ST. PAUL -- With no first- or second-round picks in the upcoming NHL Draft -- at least not yet -- the Minnesota Wild will attempt to uncover some late-round gems.
The 2017 NHL Draft takes place June 23-24 at the United Center in Chicago.
Minnesota currently does not have picks in the first two rounds because of previous trades; its first-rounder, pick No. 23, belongs to the Arizona Coyotes as a result of the Martin Hanzal trade last February while its second-rounder was traded to the Buffalo Sabres at the 2015 trade deadline in exchange for Chris Stewart.
But that doesn't mean the Wild won't be on the lookout for elite talent at this year's selection meeting.
For now, Wild Executive Vice President and General Manager Chuck Fletcher and Senior Vice President of Hockey Operations Brent Flahr will go to work with six selections in the upcoming draft, including one pick in the third round (85th overall), two in the fourth (97th, 116th), and one in each the fifth (147th), sixth (178th) and seventh (209th) rounds.
Video: Fletcher Focusing on Late-Round Talent
While 14 players on the Wild's current roster were once first-round selections, with three more being picked in the second, Minnesota has players picked from the later rounds that have contributed quality minutes in recent years.
ODarcy Kuemper and Jared Spurgeon were each sixth-round picks. Erik Haula and Tyler Graovac were seventh rounders.
Even in the early years of the franchise, the Wild was able to find players in the later rounds that would eventually make contributions.
Cal Clutterbuck, Stephane Veilleux and Clayton Stoner were third-round picks. Justin Falk was picked in the fourth round.
Derek Boogaard and Anton Khudobin were each seventh-round picks.
"There's been a lot of guys that have been able to play for us and will play for us," Fletcher said. "That's a great sign. Take a look at the two teams in the Stanley Cup Finals and the guys they've been able to find in the mid to late rounds. You have to do that."
Fletcher said the team's research has shown that the baseline for maintaining a middle-of-the-road organization is finding two players in each draft that will play at least 100 games in the NHL.
Teams that don't reach that struggle to reach that benchmark fall behind while many of the League's better teams find a way to exceed that number.
The Detroit Red Wings are considered the modern standard bearer for cultivating late-round talent over the last couple of decades. They missed the playoffs this past season season for the first time in 25 years.
In the past five years, it's been the Nashville Predators that Fletcher said have done a good job hitting on late-round fliers. The result: One of the NHL's deepest teams, and one that reached the Stanley Cup Final for the first time in franchise history.

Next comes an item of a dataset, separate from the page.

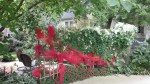Now, here’s another cool idea I came up with in the summer of 2010. It all started with my son’s wedding in the back garden, and I was trying to find a way to separate the driveway from the patio where the ceremony would occur. I had already planted an Autumn Clematis on the main fence, then added some trellises for them to climb over to, but they didn’t provide quite enough screening effect to suit me by the time the wedding was about to happen. So, I asked the florist to find a red synthetic gossamer fabric that would be light and inexpensive and resist the effects of rain and sun; she just happened to have such a thing on hand. I wove it through the trellis with her help and trailed it on through the Impatiens in the garden, and now look at this! It is really beautiful, and a marvelous idea for all summer. I will try it again next year with a different color of fabric. It is a neat and easy idea to apply anyplace you need a splash of color and/or some privacy!

"The only way to [reach that benchmark] is to hit on at least one later round pick, and that's assuming you hit on your first and second-round picks," Fletcher said. "Sometimes, it's just having extra darts. If you can get a couple extra picks in the later rounds, it obviously increases your chances of finding a player.
Minnesota believes it has picked good late-round talent in recent years, snagging Dmitry Sokolov in the seventh round last season. Sokolov scored 48 goals in 64 games with Sudbury of the Ontario Hockey League last year, then made his professional debut with Iowa late in the season, scoring once in two games with the Wild's AHL affiliate.

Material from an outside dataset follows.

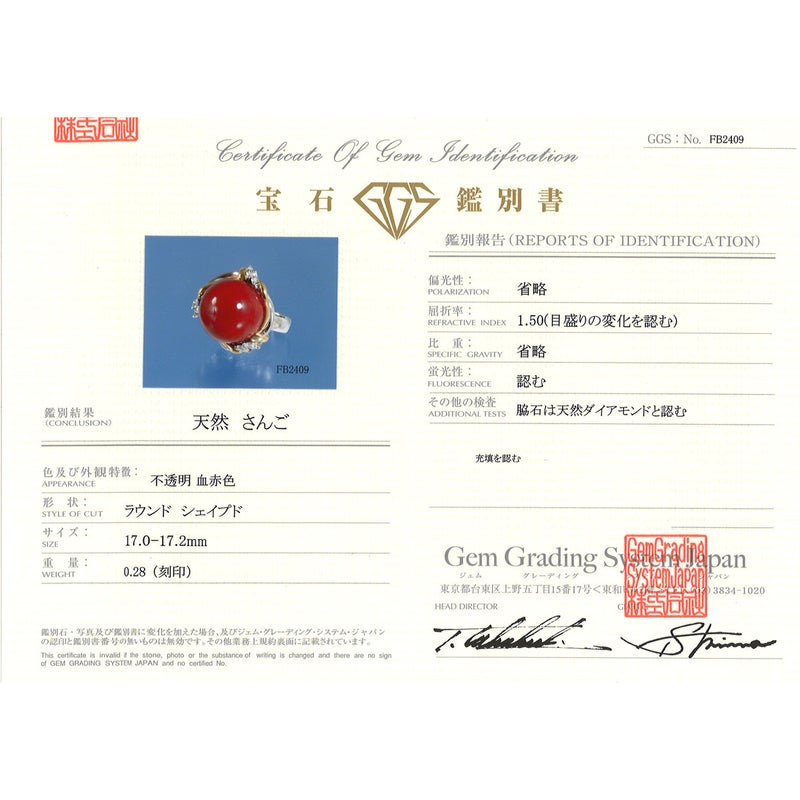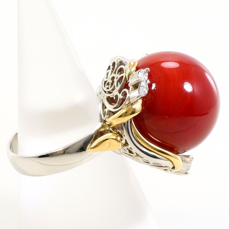 【石目】サンゴ 約17mm、ダイヤモンド 0.28ct

Kirill Kaprizov was a fifth-round pick of the Wild in 2015 and is viewed as one of the best prospects in the organization after a breakout performance at the World Junior Championships and a historic season as a 19-year old in the KHL.
The Wild picked defenseman Carson Soucy in the fifth round of the 2013 NHL Draft. He signed his first pro contract this spring after wrapping his collegiate career with the University of Minnesota Duluth. Soucy could challenge for a roster spot this fall at training camp, but at a minimum, will be counted on to play in Iowa.
The same can be said for defenseman Nick Seeler, a fifth rounder in 2011, who played in 57 games with Iowa in his first pro season this year. Fletcher called him the organization's "most improved player."
"I'm confident in our group [of scouts]," Fletcher said. "They've done a nice job in the later rounds. It's certainly not an exact science, it's difficult and you're going to miss certainly more than you're going to hit, but I'm confident this year we'll find a way to get a player or two in the later rounds and create some good value for this franchise going forward."
Fletcher indicated in a draft preview get-together with media on Wednesday that, while the Wild presently has nothing cooking in terms of adding a first- or second-round pick, he's not ruling it out.
Adding more late rounders is always a possibility too. Afterall, stock piling assets -- no matter what there form -- is the priority this time of year.
"That's what it's all about," he said.